To avoid any confusion by what I mean here, $k$-Abelian category is the same as an abelian category but $\Hom_C(X,Y)\in \Mod(k)$ (instead of $\Mod(\mathbb{Z}))$, with composition being $k$-bilinear. Also, $\Mod(R,C)$, the category of left $R$ object in $C$, is defined as follows :
- The objects are pairs $(X,\alpha_X)$ where $X$ is an object in $C$ and $\alpha_X:R\to \End_C(X)$ is a $k$-algebra morphism.
- A morphism $(X,\alpha_X)\to(Y,\alpha_Y)$ is a morphism $f:X\to Y$ in $C$ such that $\alpha_Y\circ f = f\circ\alpha_X$
When $C$ is $k$-abelian, $\Mod(R,C)$ is as well, and the forgetful functor $\Mod(R,C)\to C$ is faithful and exact. I have been able, with some help, to prove that the functor $Y\to \Hom_{R^{op}}(N,\Hom_C{(X,Y}))$ is representable.
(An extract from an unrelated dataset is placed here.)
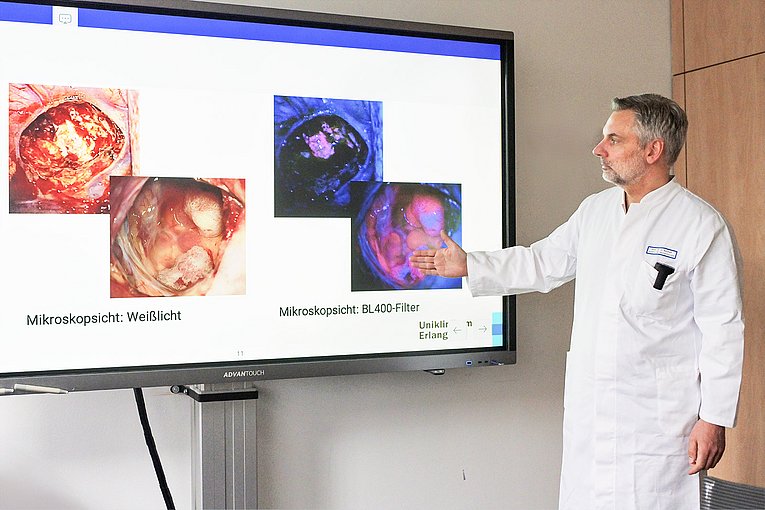 Eine Methode, die der neue Klinikdirektor in Erlangen eingeführt hat, ist die 5-ALA-Fluoreszenz-Mikroskopie. Ein vor dem Eingriff getrunkenes Medikament reichert sich dabei in Krebszellen an und lässt sie unter dem OP-Mikroskop rot-violett leuchten. So sind sie besser sichtbar und von gesundem Gewebe gut zu unterscheiden. Manchmal wird auch ein Stück verdächtiges Hirngewebe entnommen, um es genauer zu untersuchen. Diese Histologie geschieht normalerweise in der Neuropathologie: Hier wird die Probe in Paraffin gebettet, mikrometerdünn geschnitten, auf einen gläsernen Objektträger aufgebracht, eingefärbt und unter dem Mikroskop beurteilt. Bis das Ergebnis dieses Schnellschnitts im OP ankommt, vergehen mindestens 20 Minuten. Die Alternative: „Mit einem Laser machen wir aus der Probe noch im OP eine digitale Histologie. Die Art, wie das Laserlicht mit den Molekülen im Gewebe interagiert, verrät nämlich etwas über dessen Zusammensetzung. Diese Methode dauert nur fünf Minuten“, sagt Prof. Schnell. „Studien haben gezeigt, dass beide Histologieverfahren – das klassische und das digitale – hohe Übereinstimmungen haben. Wir wollen die neue Variante deshalb intensiver diagnostisch nutzen.“

This ends up giving an isomorphism $\Hom_C(N\otimes_R X,Y)\simeq \Hom_R(N,\Hom_C (X,Y))$, hence $\bullet\otimes_R X$ is a left adjoint to $\Hom_C(X,\bullet)$, hence $\otimes_R X$ is right exact. But then I'm not sure how to prove that $\bullet\otimes_R\bullet$ is exact in its second variable, at first I thought the isomorphism above would also allow me to conclude that $N\otimes_R\bullet$ is a left adjoint to some other functor, but I haven't been able to do so. I have similar issues with the additivity, it feels like it should be an easy consequence of the construction, but I don't actually know how to show it's additive in each variable.
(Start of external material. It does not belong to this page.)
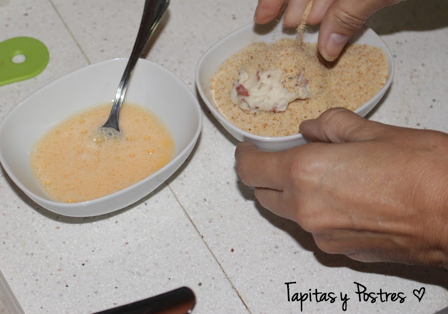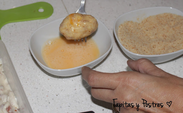 Cogemos porciones, damos forma de croqueta y pasamos por pan rallado, huevo batido y otra vez pan rallado. Freímos en abundante aceite caliente.

So you are interested in the bifunctor $\otimes_R$ defined by the following natural isomorphism: $$\textrm{Hom}_\mathcal{C} (N \otimes_R X, Y) \cong \textrm{Hom}_{R^\textrm{op}} (N, \textrm{Hom}_\mathcal{C} (X, Y))$$ You seek a right adjoint for $N \otimes_R {-} : \textrm{Mod} (R, \mathcal{C}) \to \mathcal{C}$.
For this, we should assume $\mathcal{C}$ is complete. Then $\mathcal{C}^\textrm{op}$ is a cocomplete $k$-linear abelian category and we can apply the dual of the theorem constructing $\otimes_R$ to obtain a bifunctor $\pitchfork_S$ defined by the following natural isomorphism: $$\textrm{Hom}_\mathcal{C} (Y, P \pitchfork_S Z) \cong \textrm{Hom}_S (P, \textrm{Hom}_\mathcal{C} (Y, Z))$$ Here, $S$ is a $k$-algebra, $P$ is a left $S$-module, and $Z$ is an object in $\textrm{Mod} (S, \mathcal{C})$.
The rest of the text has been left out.